We fixed PC12 cells under normal and hypo-osmotic conditions and stained them with monoclonal antibodies to the stress granule marker, PABPC1. In control cells, PABPC1 antibody staining shows ∼750 particles below 25 µm2 (Fig. 6A). When PLCβ1 is down-regulated, we find a large increase in PABPC1 particles from 25 to 100 µm2 suggesting that PLCβ1 is promoting the formation of larger particles. When we apply osmotic stress we find an increase in the number of particles between 25 and 50 µm2 (Fig. 6B). However, osmotic stress does not change the size or number of particles in cells where PLCβ1a has been down-regulated suggesting that osmotic stress and loss of PLCβ1 are not additive effects. In another series of studies, we stimulated cells with carbachol to activate Gαq (Fig. 6C). We find that stimulation produces a high number of particles up to ∼150 µm2 and down-regulating PLCβ1 does not greatly impact the size or number of PABPC1 particles. Taken together, these studies suggest that loss of PLCβ1 either from down-regulation, osmotic stress or binding to activated Gαq promotes the incorporation of PABPC1 into larger aggregates.

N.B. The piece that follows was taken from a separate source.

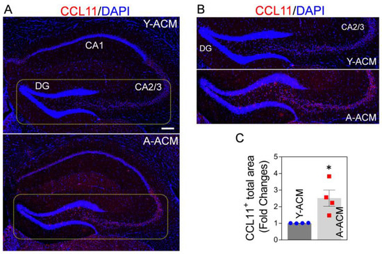 CCL11 is highly elevated in the hippocampal area of aged mice brains. (A) Representative immunofluorescence confocal images of CCL11 (green) staining in the hippocampus of young (3-month-old) vs. aged (22-month-old) mice brains. Images indicate higher level of CCL11 in the aged hippocampus compared to the young hippocampus. Nuclei were stained with DAPI (blue). Scale bar, 200 µm. (B) The illustrated graph shows a significant difference in CCL11- positive areas. N = 3–4 animals per group. The significance was assessed by a two-tailed unpaired t-test: * p < 0.05 (p = 0.0116, young vs. aged mice), t value (t = 3.881). All data are shown as mean ± SEM. Y, young; A, aged.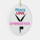 Se você ama a ginástica, você escavará nosso ornamento da ginástica do amor da paz! Refrigere gymnast estilizado frente e verso das características de design com texto no rosa azul, vermelho e brilhante! Fita de suspensão incluída. O presente perfeito da lembrança para os amigos que amam a ginástica!

The size and number of particles associated with monoclonal anti-PABPC1 in the cytosol of fixed and immunostained PC12 cells was measured on a 100x objective and analyzed using Image J (see methods). A – Treatment of cells with siRNA(PLCβ1) results in the formation of larger aggregates relative to mock-transfected controls. An enlarged version of the plot is shown directly below to allow better comparison. B- While osmotic stress (150 mOsm, 5 minutes) does not affect the size or number of PABPC1-associated particles, PLCβ1 down-regulation causes a significant increase in particle size and number. C- Stimulation of Gαq by treatment with 5 µM carbachol also impacts particle size. All measurements are an average of 3 independent experiments that sampled 10 cells, where SD shown and where the p values was determined using ANOVA.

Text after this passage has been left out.